[EXERCISE INPUT]
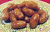 4、油の入ったナベが熱くなると、白砂糖を入れてこがね色になるまで揚(yáng)げ、赤いナツメをさっと入れ、ナベを上下に動(dòng)かしてムラがないようにして、油をまぶした皿の中に入れて出來(lái)上がりとなる。
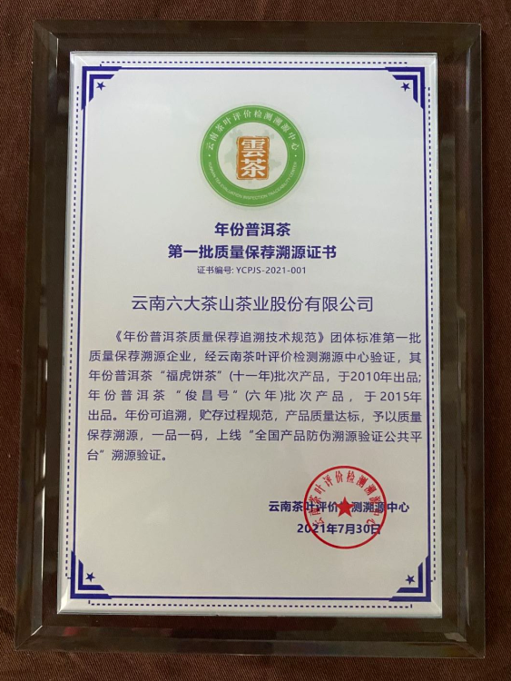 2010年“?;灢琛?、2015年“俊昌號(hào)”(六年)榮獲年份普洱茶保薦溯源
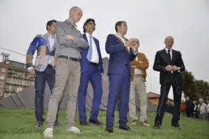 All’inaugurazione del monumento erano presenti Marco Gabusi, sindaco di Canelli, Ercole Zuccaro, membro del Consiglio di Amministrazione di Banca di Asti, Angelo Piombo Capo Area Acqui-Nizza-Canelli, Enrico Graziano Direttore della Filiale di Canelli, Marica Chiola, architetto e membro della commissione che ha selezionato le opere e le autorità locali.
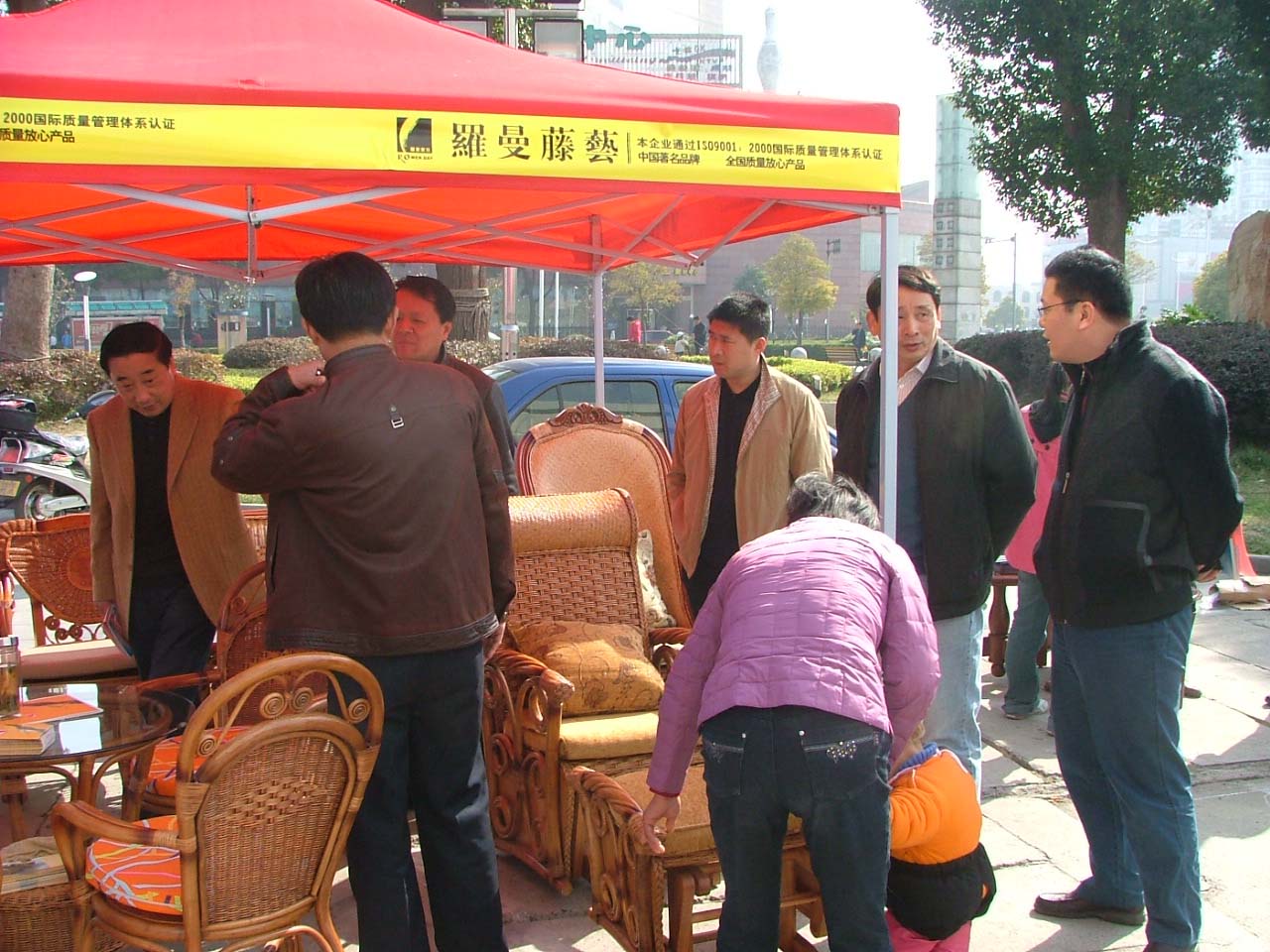 (图为商城总经理室张旭明、王余堂同志陪同开发区管委会、工商局领导参观特色藤艺家具)
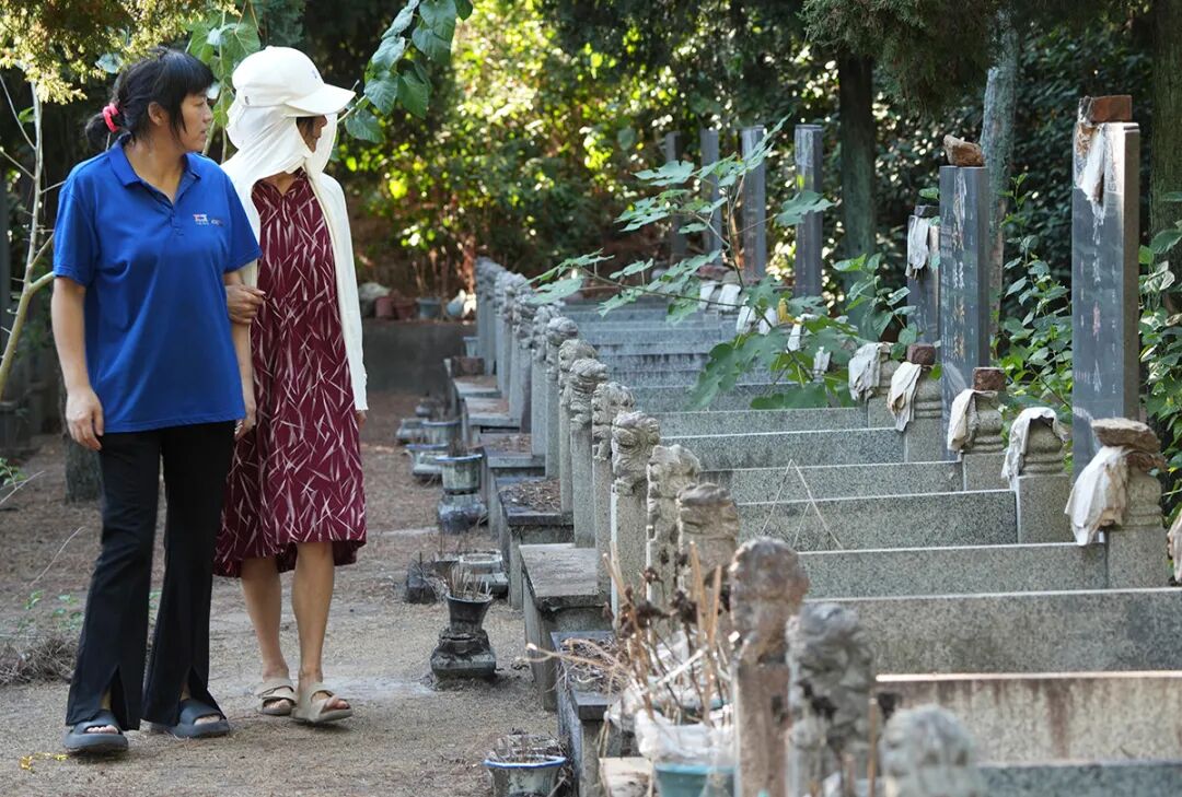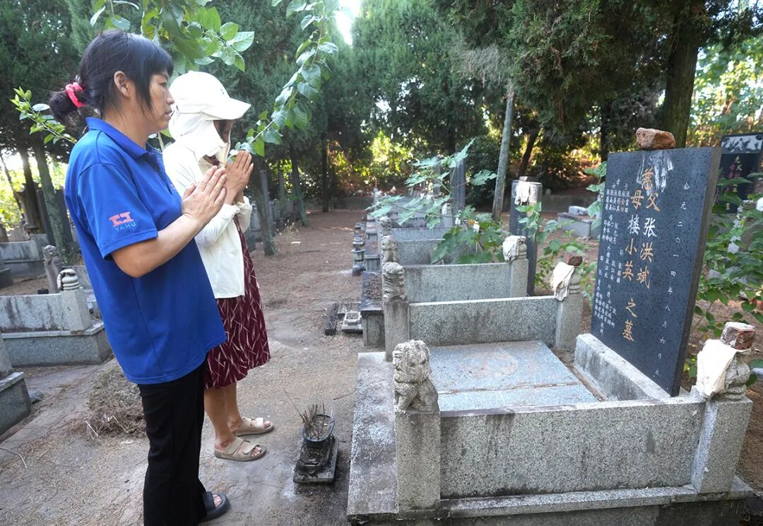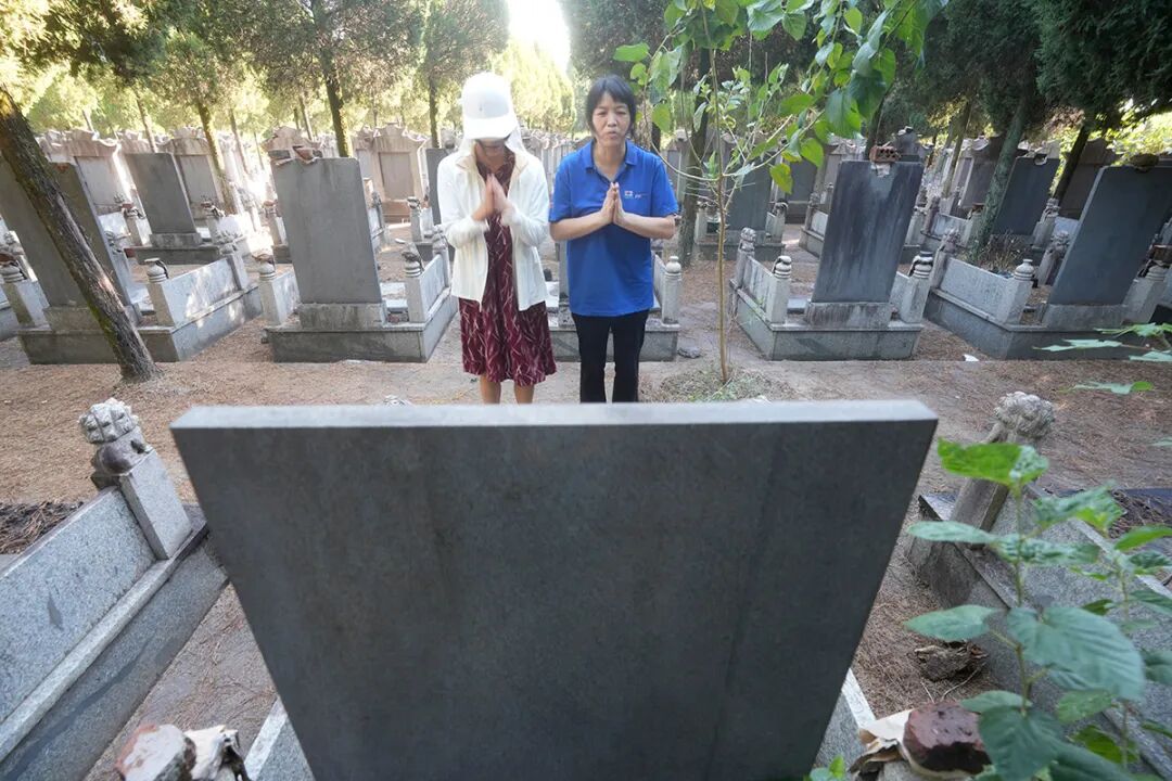 2025年10月11日,被張洪斌夫婦撫養(yǎng)長大的張菊菊(左)和另一名當(dāng)年被張氏夫婦撫養(yǎng)長大的“棄嬰”到公墓去看望安葬于此的兩位老人。 李曉果 攝
[/EXERCISE INPUT]
» **WORK ITEM**:
Your task is to restate word for word the lines from the top of the data to the line containing "(图为商城总经理室张旭明、王", both ends included, with every picture left out.

» **ANSWER FOR THE TASK**:
 4、油の入ったナベが熱くなると、白砂糖を入れてこがね色になるまで揚(yáng)げ、赤いナツメをさっと入れ、ナベを上下に動(dòng)かしてムラがないようにして、油をまぶした皿の中に入れて出來(lái)上がりとなる。
 2010年“?;灢琛?、2015年“俊昌號(hào)”(六年)榮獲年份普洱茶保薦溯源
 All’inaugurazione del monumento erano presenti Marco Gabusi, sindaco di Canelli, Ercole Zuccaro, membro del Consiglio di Amministrazione di Banca di Asti, Angelo Piombo Capo Area Acqui-Nizza-Canelli, Enrico Graziano Direttore della Filiale di Canelli, Marica Chiola, architetto e membro della commissione che ha selezionato le opere e le autorità locali.
 (图为商城总经理室张旭明、王余堂同志陪同开发区管委会、工商局领导参观特色藤艺家具)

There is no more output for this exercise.